Payment initiation service: What you need to know

A payment initiation service (PIS) allows payments to be made directly between bank accounts through open banking. If you’re a payment service provider (PSP) or financial service, a PIS can help you overcome some long-standing frustrations associated with payments, such as:

  • Having to deal with multiple intermediaries when processing payments. The process of transferring money between accounts has typically involved intermediaries such as card networks and acquirers. Thanks to these various stakeholders, conventional transfers can take as long as five days to settle.

  • The high costs of card payments. Each intermediary also charges a fee, with card payments taking a percentage of each transaction. Every fee can add up to a significant percentage of the sum transferred. When you’re making a lot of payments at scale, these costs add up.

  • Not being able to offer a great payment experience for customers. Conventional ways of transferring money require customers to enter their banking details or visit a third-party website to make payment. This can reduce trust in your brand, and negatively impact conversions.

Compared to traditional payment infrastructure, payment initiation services offer faster, cheaper, and easier payments.

In this guide, we share everything you need to know about payment initiation services.

We’ll cover:

Interested in finding out more about how payment initiation services can help you? Speak with an open banking expert at Yapily.

How does a payment initiation service work?

Prior to open banking, pretty much every payment was processed in one of two ways:

  1. By a card scheme, such as VISA, which would charge a significant percentage on the transaction
  2. By a bank transfer, where customers would need to initiate the payment themselves through their bank.

Payment initiation services provide an additional way for PSPs and their end customers to initiate payments. Any one of these parties can initiate a payment directly from bank account to bank account via open banking.

In this form of payment, a payment initiation service provider (PISP) acts as an intermediary between the banks of the payer and the recipient. The end user authorises the PISP to access their account. Then, the PISP tells the user’s bank to transfer funds directly to the recipient’s account.

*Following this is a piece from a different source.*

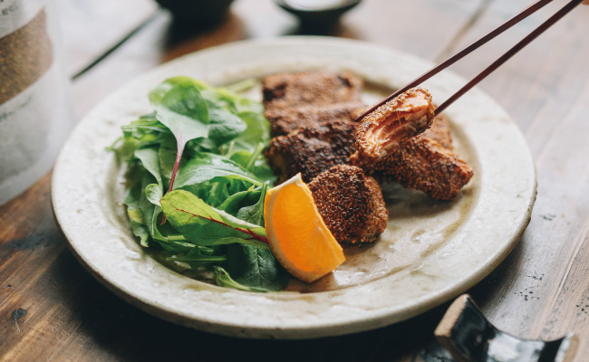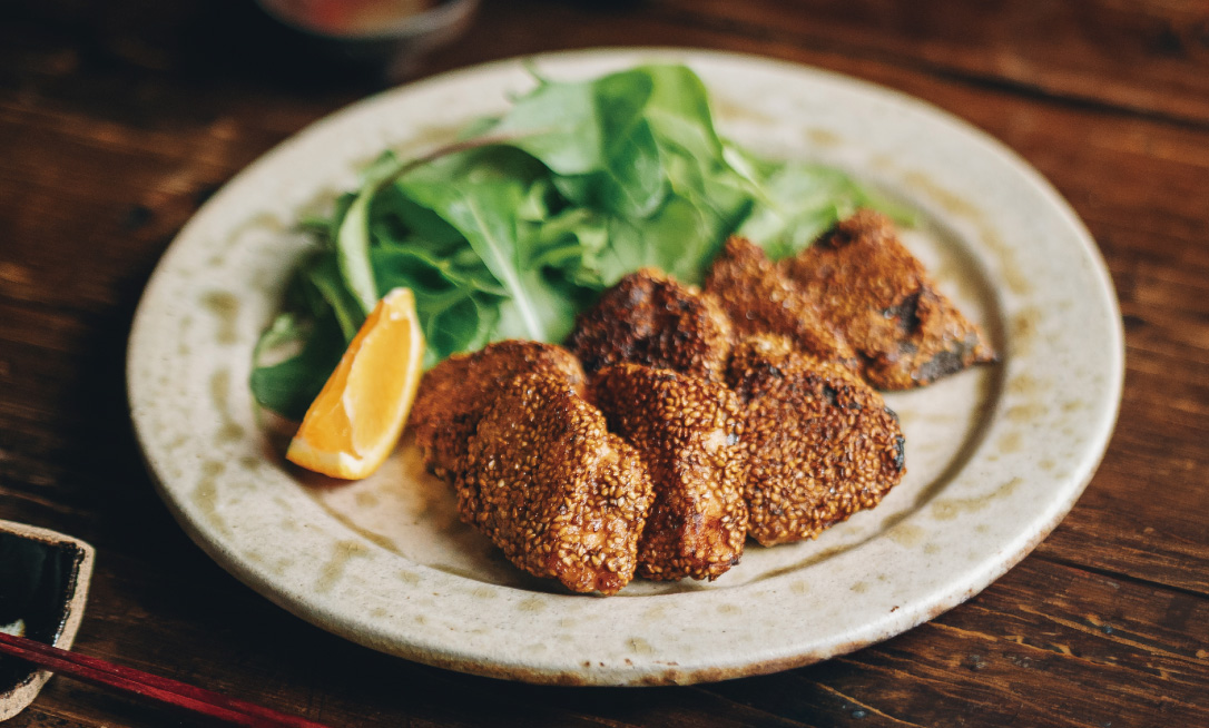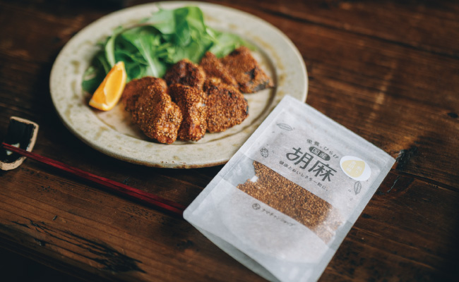 金ごまの香ばしさが広がって、ひと口目からしっかり満足感のあるおかずに。下味がついているので、そのままでも美味しく食べられ、冷ませばお弁当にもよく合います。大葉を衣に混ぜたり、ヨーグルト味噌ソースを添えたり、パンにはさんでサンドイッチにしたりと、少しアレンジしながら楽しむのもおすすめです。

This entire process happens through a secured API (an application programming interface) that secures and standardises the connection between different IT systems. Every bank creates its own API to connect with PSPs or PISPs.

While an API is a crucial piece of infrastructure in open banking, every bank creating its own interface means that there are many different APIs out there. And that’s exactly why open banking platforms like Yapily exist. We aggregate different banking APIs, to allow PSPs to connect to as many banks as possible in a single normalised solution. We aim to absorb all of the nuances of banks, to deliver a standardised experience.

While this may sound complex, all of this is happening behind the scenes. With a PIS, the end user’s experience is actually much simpler, as they’re not required to enter their card details or wait for the payment to clear.

Instead, alongside conventional payment options, end users can choose “pay by account” as a payment method, or scan a QR code. This way, they’re not taken to a third-party payment gateway and they won’t need to leave the merchant’s site, giving them a frictionless payment experience.

PISPs initiate open banking payments using instant payment rails such as Faster Payments in the UK. However, while the payment initiation is instant, settlement times may vary depending on the banking network and processing times. In the EU, Yapily customers can choose between SEPA, or SEPA Instant, where SEPA Instant provides faster initiation, though final settlement is not necessarily immediate.

What’s the difference between a PISP and an AISP?

If you read about PISPs, you’ll likely see mention of AISPs too. Here’s how they differ:

  • PISP. As you’ve seen, a PISP initiates payments directly from one bank account to another. To offer this service, companies need appropriate Payments Services authorisation from the Financial Conduct Authority (FCA) in the UK as well as from a regulator in the EU. Yapily holds authorisation to provide from the Bank of Lithuania. PISPs are not AISPs by default, however many of them also hold an AISP licence.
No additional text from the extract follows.